• [PROBLEM TO WORK ON]: Exactly the lines from the beginning of the records below through the line with "Lofaris Gold and" must be given again, without pictures.

• [RECORDS FOR THIS TASK]:
****
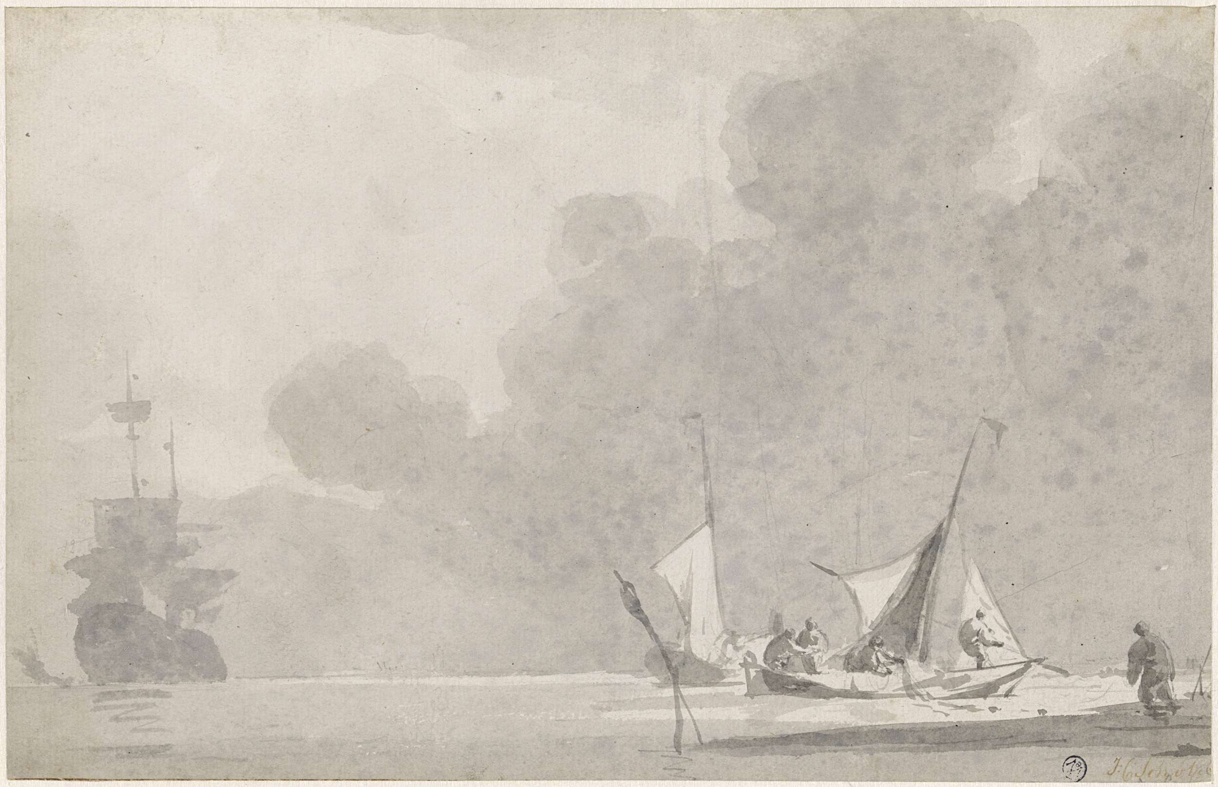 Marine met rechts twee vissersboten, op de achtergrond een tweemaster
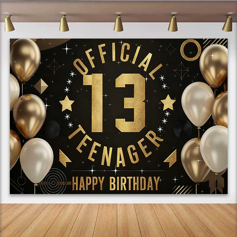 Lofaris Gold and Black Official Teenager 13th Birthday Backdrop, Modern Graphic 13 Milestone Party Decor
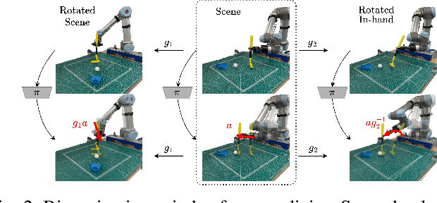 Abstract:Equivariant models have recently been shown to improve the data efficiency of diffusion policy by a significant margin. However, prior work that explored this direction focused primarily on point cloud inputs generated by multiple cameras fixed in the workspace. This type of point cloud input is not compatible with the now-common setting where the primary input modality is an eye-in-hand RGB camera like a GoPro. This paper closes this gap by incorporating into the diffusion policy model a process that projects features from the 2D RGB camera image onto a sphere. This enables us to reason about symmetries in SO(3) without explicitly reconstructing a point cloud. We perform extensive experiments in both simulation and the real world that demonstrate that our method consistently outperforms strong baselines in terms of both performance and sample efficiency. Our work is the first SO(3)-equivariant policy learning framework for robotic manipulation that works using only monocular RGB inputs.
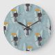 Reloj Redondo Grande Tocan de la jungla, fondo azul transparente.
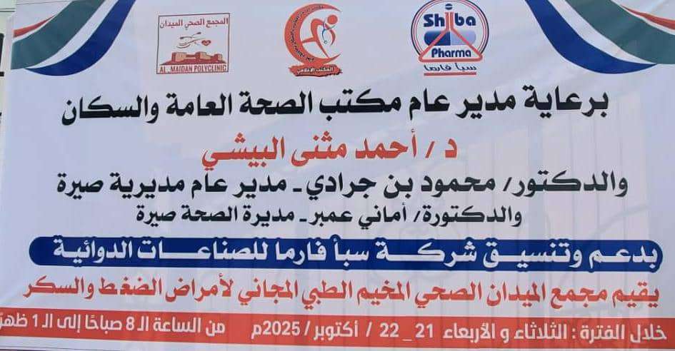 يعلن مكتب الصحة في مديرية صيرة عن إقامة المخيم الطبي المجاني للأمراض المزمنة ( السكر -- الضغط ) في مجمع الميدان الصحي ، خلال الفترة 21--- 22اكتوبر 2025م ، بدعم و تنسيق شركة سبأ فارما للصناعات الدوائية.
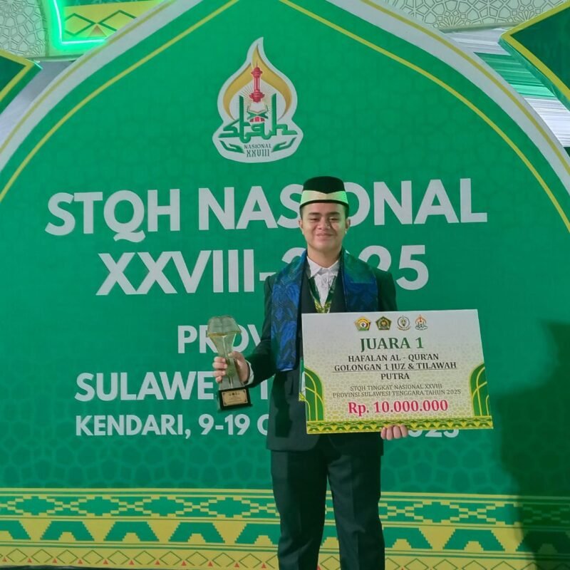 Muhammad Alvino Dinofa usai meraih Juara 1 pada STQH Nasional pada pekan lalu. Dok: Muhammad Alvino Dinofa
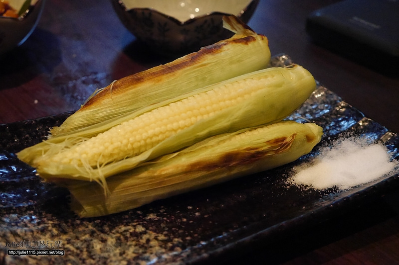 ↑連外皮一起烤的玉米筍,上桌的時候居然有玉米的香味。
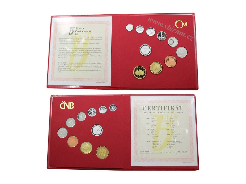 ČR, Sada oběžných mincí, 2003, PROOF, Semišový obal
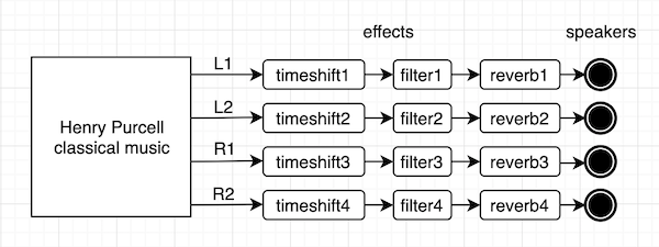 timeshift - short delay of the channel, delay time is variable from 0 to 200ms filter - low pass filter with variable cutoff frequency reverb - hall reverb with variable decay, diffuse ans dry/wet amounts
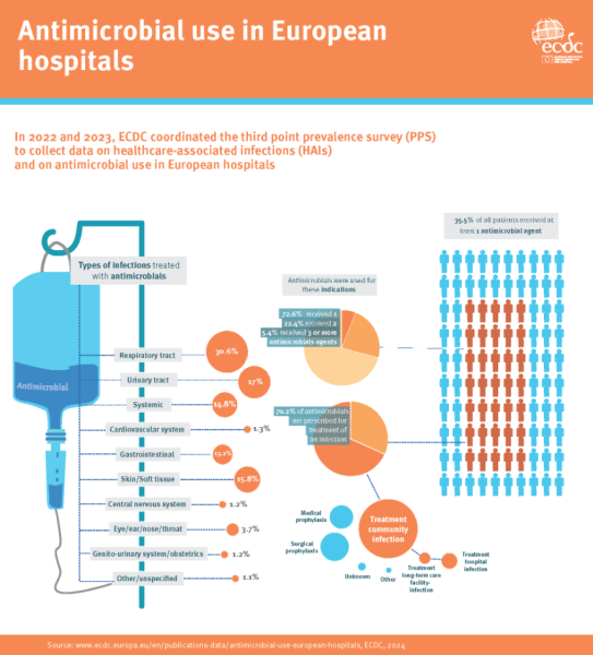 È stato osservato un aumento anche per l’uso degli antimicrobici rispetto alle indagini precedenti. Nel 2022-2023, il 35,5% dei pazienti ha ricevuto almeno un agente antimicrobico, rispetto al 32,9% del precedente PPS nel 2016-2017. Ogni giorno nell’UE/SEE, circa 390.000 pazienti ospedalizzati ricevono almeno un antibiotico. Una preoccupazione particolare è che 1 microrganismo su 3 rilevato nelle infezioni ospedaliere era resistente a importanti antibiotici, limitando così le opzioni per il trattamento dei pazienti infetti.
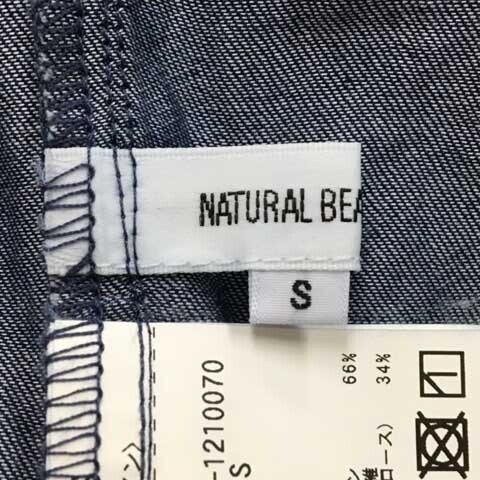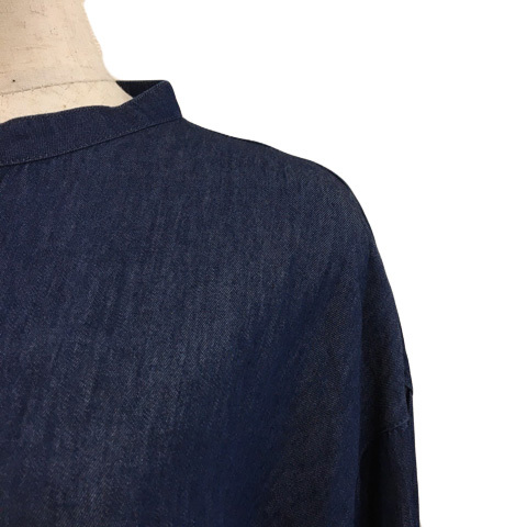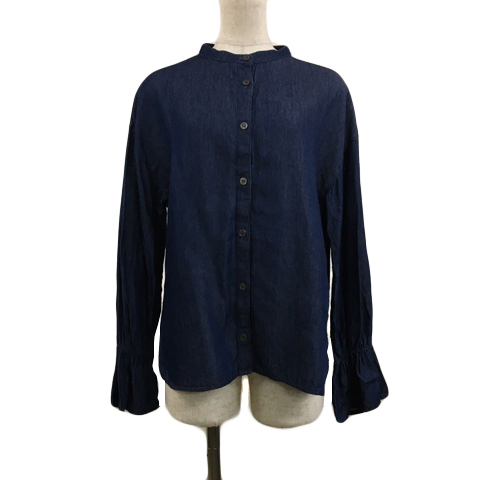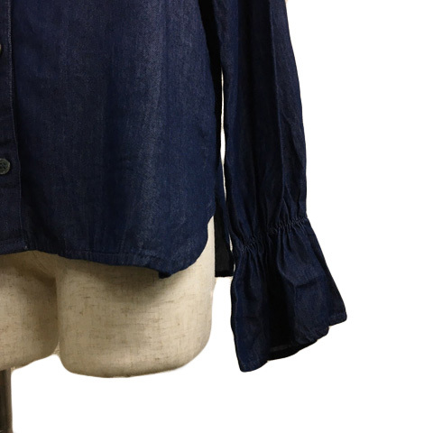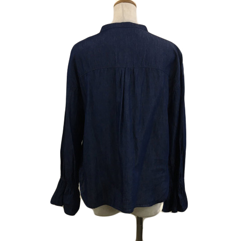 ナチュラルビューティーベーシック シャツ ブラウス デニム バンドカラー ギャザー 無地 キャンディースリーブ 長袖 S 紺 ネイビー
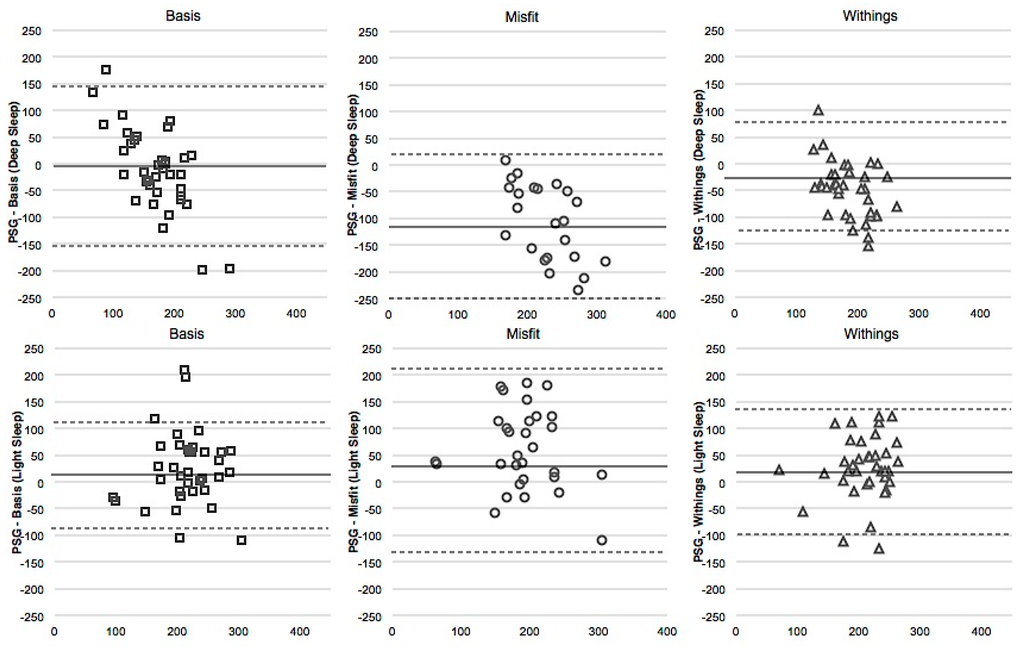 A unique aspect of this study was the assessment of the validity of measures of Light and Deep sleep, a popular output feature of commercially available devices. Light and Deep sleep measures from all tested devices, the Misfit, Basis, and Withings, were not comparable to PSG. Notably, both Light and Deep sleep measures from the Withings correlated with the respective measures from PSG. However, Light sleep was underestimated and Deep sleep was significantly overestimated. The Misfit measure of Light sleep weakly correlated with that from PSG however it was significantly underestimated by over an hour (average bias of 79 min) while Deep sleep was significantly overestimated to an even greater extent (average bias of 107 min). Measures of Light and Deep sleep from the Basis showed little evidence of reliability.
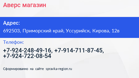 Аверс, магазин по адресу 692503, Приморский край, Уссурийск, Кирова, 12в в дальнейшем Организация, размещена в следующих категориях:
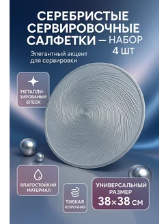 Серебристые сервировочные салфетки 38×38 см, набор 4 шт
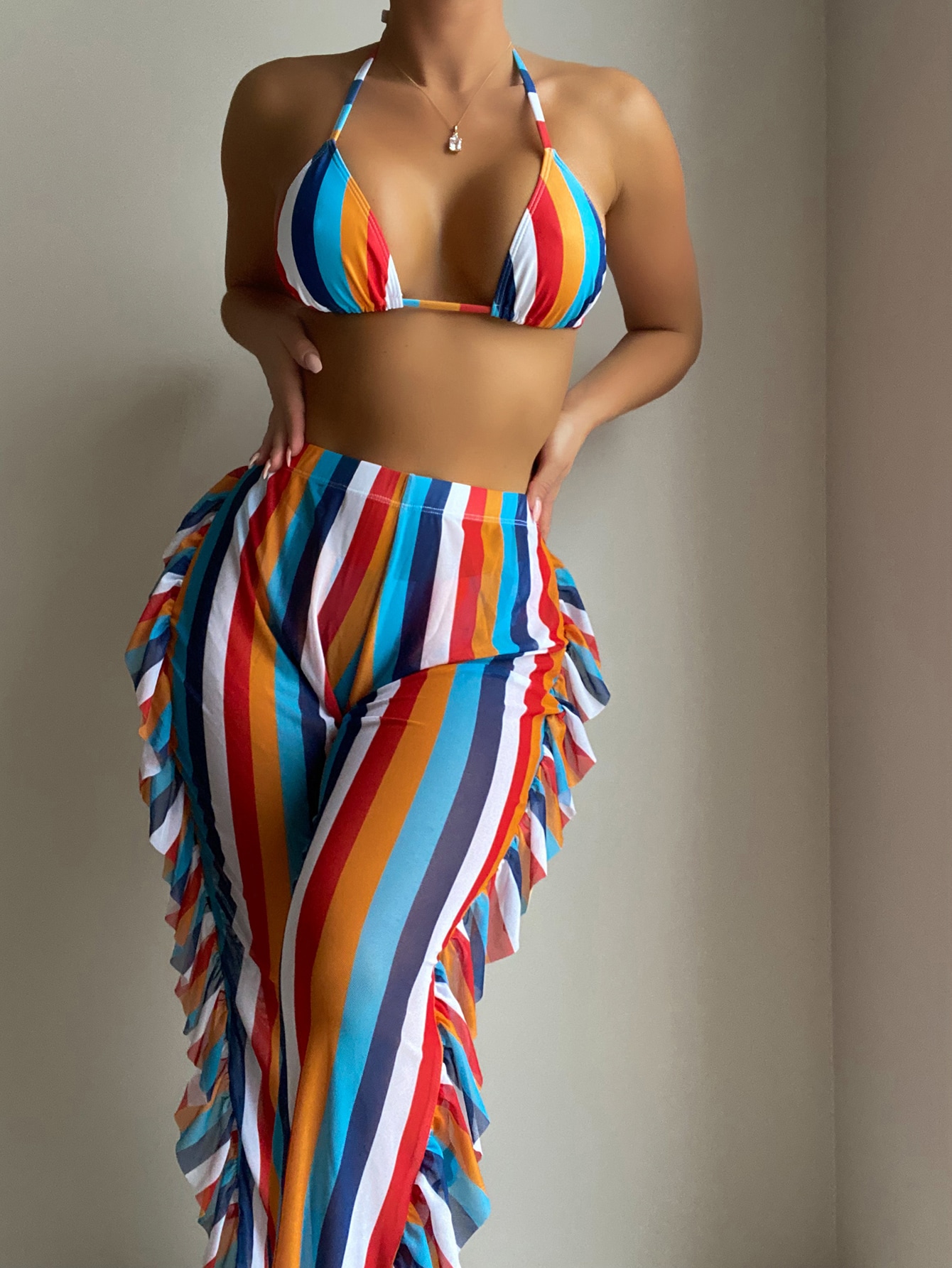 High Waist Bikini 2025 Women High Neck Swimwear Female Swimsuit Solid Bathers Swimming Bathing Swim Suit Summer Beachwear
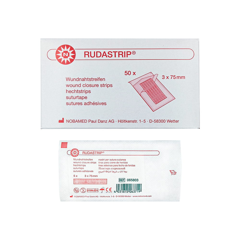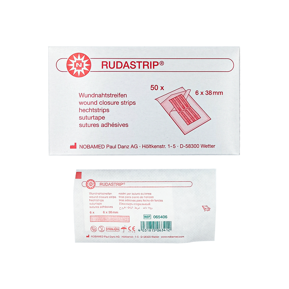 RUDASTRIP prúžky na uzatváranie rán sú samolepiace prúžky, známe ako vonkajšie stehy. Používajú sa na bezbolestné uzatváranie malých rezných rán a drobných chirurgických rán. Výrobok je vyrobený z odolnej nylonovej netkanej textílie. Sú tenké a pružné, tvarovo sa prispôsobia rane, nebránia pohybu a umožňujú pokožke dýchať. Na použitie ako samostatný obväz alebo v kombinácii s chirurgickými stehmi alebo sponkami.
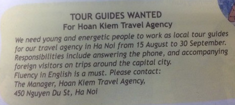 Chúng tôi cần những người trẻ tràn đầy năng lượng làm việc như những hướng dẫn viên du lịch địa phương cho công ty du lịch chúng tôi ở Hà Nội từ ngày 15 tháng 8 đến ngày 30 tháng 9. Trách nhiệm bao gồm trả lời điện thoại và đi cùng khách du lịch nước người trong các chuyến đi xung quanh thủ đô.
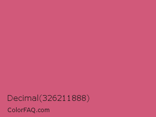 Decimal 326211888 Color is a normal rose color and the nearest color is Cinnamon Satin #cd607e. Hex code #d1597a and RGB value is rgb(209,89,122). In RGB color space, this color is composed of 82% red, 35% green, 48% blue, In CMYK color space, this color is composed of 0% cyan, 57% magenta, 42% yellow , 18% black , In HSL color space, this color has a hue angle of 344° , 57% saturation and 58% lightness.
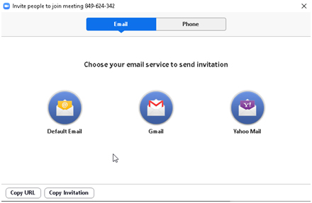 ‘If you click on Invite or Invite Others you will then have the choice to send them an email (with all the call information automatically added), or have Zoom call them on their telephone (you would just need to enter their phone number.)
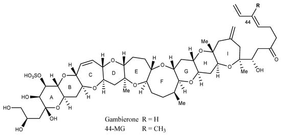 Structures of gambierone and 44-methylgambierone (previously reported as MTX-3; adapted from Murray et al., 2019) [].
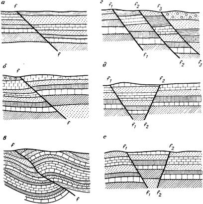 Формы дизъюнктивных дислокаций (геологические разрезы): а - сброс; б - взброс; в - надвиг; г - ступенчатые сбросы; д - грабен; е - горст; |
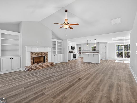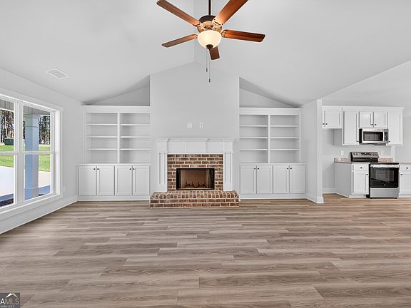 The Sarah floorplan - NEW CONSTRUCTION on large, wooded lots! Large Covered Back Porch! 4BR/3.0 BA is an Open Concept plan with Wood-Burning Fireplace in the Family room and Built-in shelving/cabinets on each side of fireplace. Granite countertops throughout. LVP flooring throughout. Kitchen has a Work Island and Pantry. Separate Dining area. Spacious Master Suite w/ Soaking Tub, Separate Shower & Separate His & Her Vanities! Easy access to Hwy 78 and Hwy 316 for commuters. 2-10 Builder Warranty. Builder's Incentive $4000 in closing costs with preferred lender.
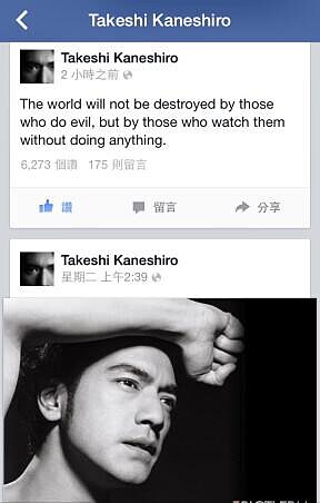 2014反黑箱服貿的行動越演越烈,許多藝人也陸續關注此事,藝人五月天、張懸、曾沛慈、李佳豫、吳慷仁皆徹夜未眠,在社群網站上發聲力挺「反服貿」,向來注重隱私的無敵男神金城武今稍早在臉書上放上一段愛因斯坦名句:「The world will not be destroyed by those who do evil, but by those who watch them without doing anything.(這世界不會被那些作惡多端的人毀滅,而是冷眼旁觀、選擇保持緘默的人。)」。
****
• [ANSWER TO THIS TASK]:
 Marine met rechts twee vissersboten, op de achtergrond een tweemaster
 Lofaris Gold and Black Official Teenager 13th Birthday Backdrop, Modern Graphic 13 Milestone Party Decor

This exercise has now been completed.